Сlose-to-surface deposits of minerals impact the magnetic field driving compass needle off its natural course by 30 to 40 degrees
Photo ITAR-TASS
Photo ITAR-TASS

YEKATERINBURG, June 22 (Itar-Tass) —— The pilot of the An-2 airplane that has been missing in the Sverdlovsk region for over ten days might have lost direction because of natural anomalies in the Konzhakovsky Kamen area and made an emergency landing in the taiga, renown Arctic explorer Gennady Chechurin told Itar-Tass on Friday.

According to Chechurin, who has been engaged to help the rescuers as an expert, the plane’s pilot was not experienced enough to be able to orient in the area of Konzhak natural anomalies. Thus, close-to-surface deposits of minerals impact the magnetic field driving compass needle off its natural course by 30 to 40 degrees. Moreover, the sun here goes down in the northerly direction. The area is usually blanketed with clouds, which generate because of artesian springs and small lakes located at an altitude of more than 1,000 meters above sea level.

“Such magnetic anomalies are registered near the Denezhkin Kamen wildlife reserve. So, the plane might have got lost somewhere between these two natural anomalies,” he said. “Now we are trying to get an inside of what the pilot with a 30-year experience might have been guided in his actions. I am sure the experienced pilot made a safe landing. There are much berries and mushrooms in the taiga now, and the weather is rather warm. People can live in such conditions for several days. Let us hope for the better.”

Rescuers refute media allegations that the ill-fortune plane might have trespassed into a secret military base and was shot down.

“When military base radars detect an unidentified flying object in the air, missile defence systems in the area where such object is detected are activated but an order to open fire comes from the Russian defence ministry. We have no secret bases with such arsenal in the area where the plane was lost,” the press service of the Central military district told Itar-Tass.

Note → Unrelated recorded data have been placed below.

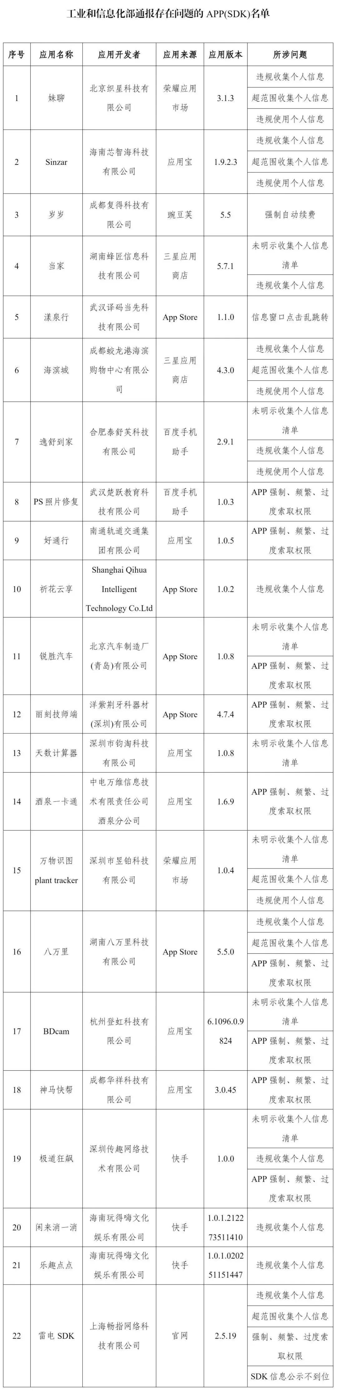 据悉,上述App及SDK应按有关规定进行整改,整改落实不到位的,工业和信息化部将依法依规组织开展相关处置工作。
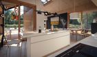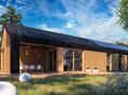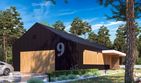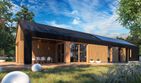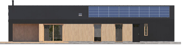 Fundamenty: ławy fundamentowe. Ściany zewnętrzne: murowane, dwuwarstwowe, beton komórkowy 24 cm, ocieplenie styropian 20 cm. Ściany wewnętrzne: nośne i działowe murowane, beton komórkowy 24 cm i 12 cm. Strop: strop gęstożebrowy Teriva. Dach: konstrukcja drewniana, ocieplenie wełna mineralna 30 cm, krycie dachu: blacha na rąbek stojący w kolorze antracytowym, więźba dachowa dostępna również w systemie prefabrykacji drewnianej. Ogrzewanie: powietrzna pompa ciepła, rozprowadzenie ciepła: ogrzewanie podłogowe. Wentylacja: wentylacja mechaniczna nawiewno-wywiewna z odzyskiem ciepła. Dodatkowo: panele fotowoltaiczne, stacja uzdatniania wody, gniazdo instalacji elektrycznej do ładowania auta. Elewacje: blacha tytanowo-cynkowa w kolorze antracytowym, okładzina drewniana wg technologii montażu i barwienia drewna wybranego producenta; rekomendowany kolor okładziny drewnianej: modrzew syberyjski lub cedr kanadyjski, ułożenie desek pionowe. Stolarka: drewniana, PVC lub aluminiowa, drzwi podnoszono-przesuwne typu HS, drzwi wejściowe kolorystycznie dopasowane do systemu okiennego. Okna połaciowe: rozwiązania technologiczne, świetliki tunelowe i wyłaz dachowy dopasowane do systemu pokrycia dachowego. Otoczenie: płyty tarasowe i kostka betonowa, system tarasowy - deska kompozytowa lub drewno naturalne w kolorze współgrającym z elewacją.
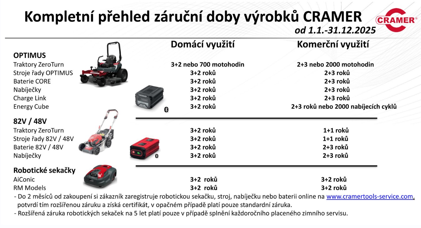 *Do 2 mesiacov od zakúpenia si zákazník zaregistruje stroj, nabíjačku alebo batériu online na www.cramertools-service.com a potvrdí tým rozšírenú záruku a získa certifikát, v opačnom prípade platí iba štandardná záruka.
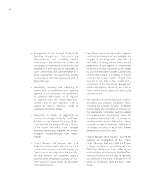 • Management of the General Contractor(s) • Keep Owner reasonably informed on a regular
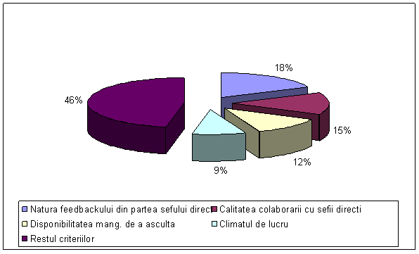 Criteriul 2 - "calitatea colaborarii" care grupeaza 10 criterii printre care : respectul cu care este tratat angajatul, feed-back-ul din partea sefului, atmosfera de lucru si gradul de implicare al managementului;
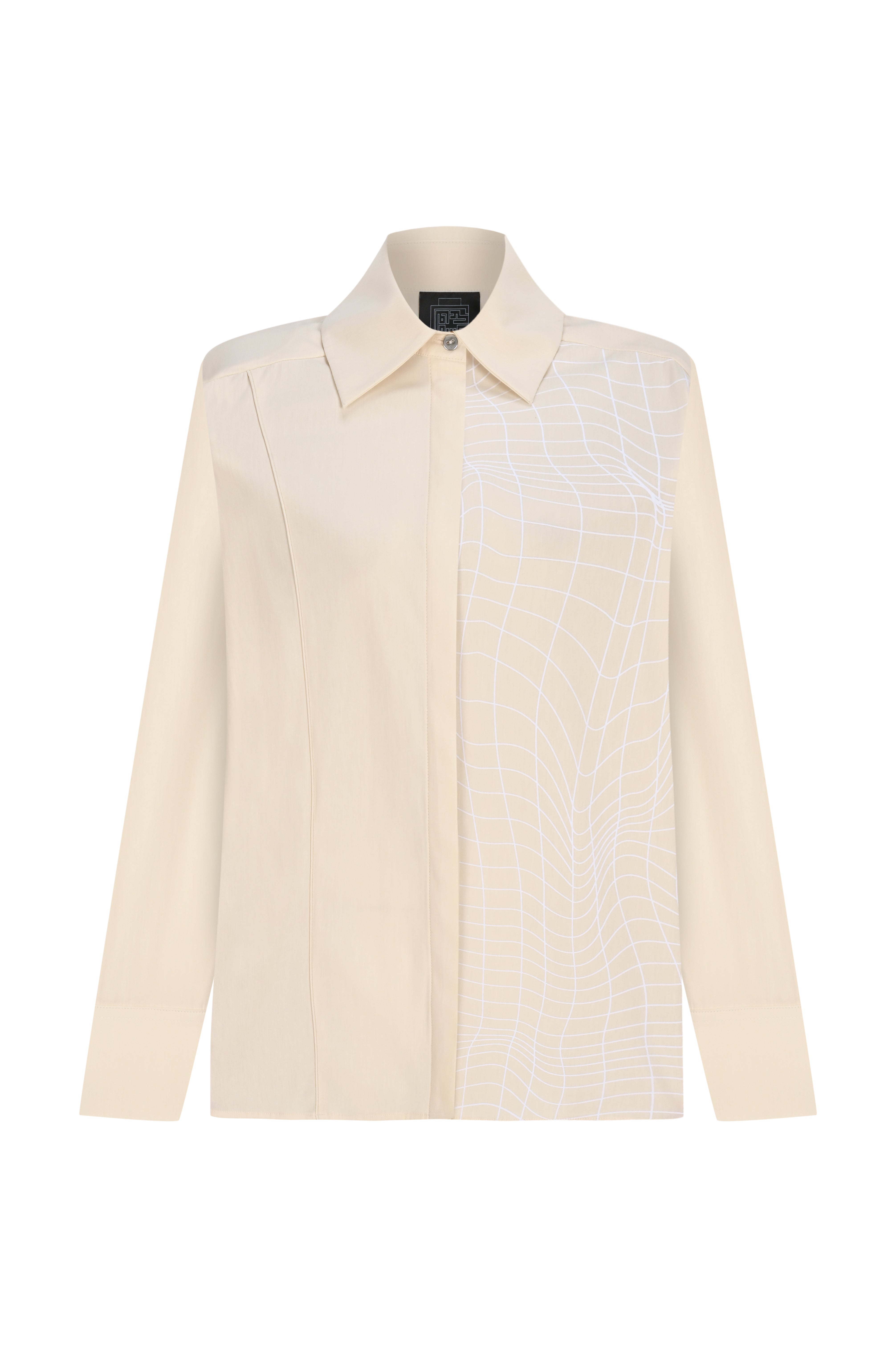 Long Sleeve, Diagonal Printed Oversize Padded Shirt with Diagonal Printed Detail

According to preliminary data, in the evening on June 11, the plane’s pilot Khatib Kashapov, a native of the town of Orsk, Orenburg region, took off on crop-duster An-2 without permission. The plane belongs to Avi Zov, a company based in Chelyabinsk. There were the pilot and twelve passengers onboard. Among the plane’s passengers presumably are the chief of Serov’s traffic police, a traffic police officer, an officer of a private bodyguard company, a businessman, a salesman from a telecom shop, and others.

A criminal case was opened on charges of violations of air traffic safety and aircraft operation rules that resulted in the death through negligence of one or more people.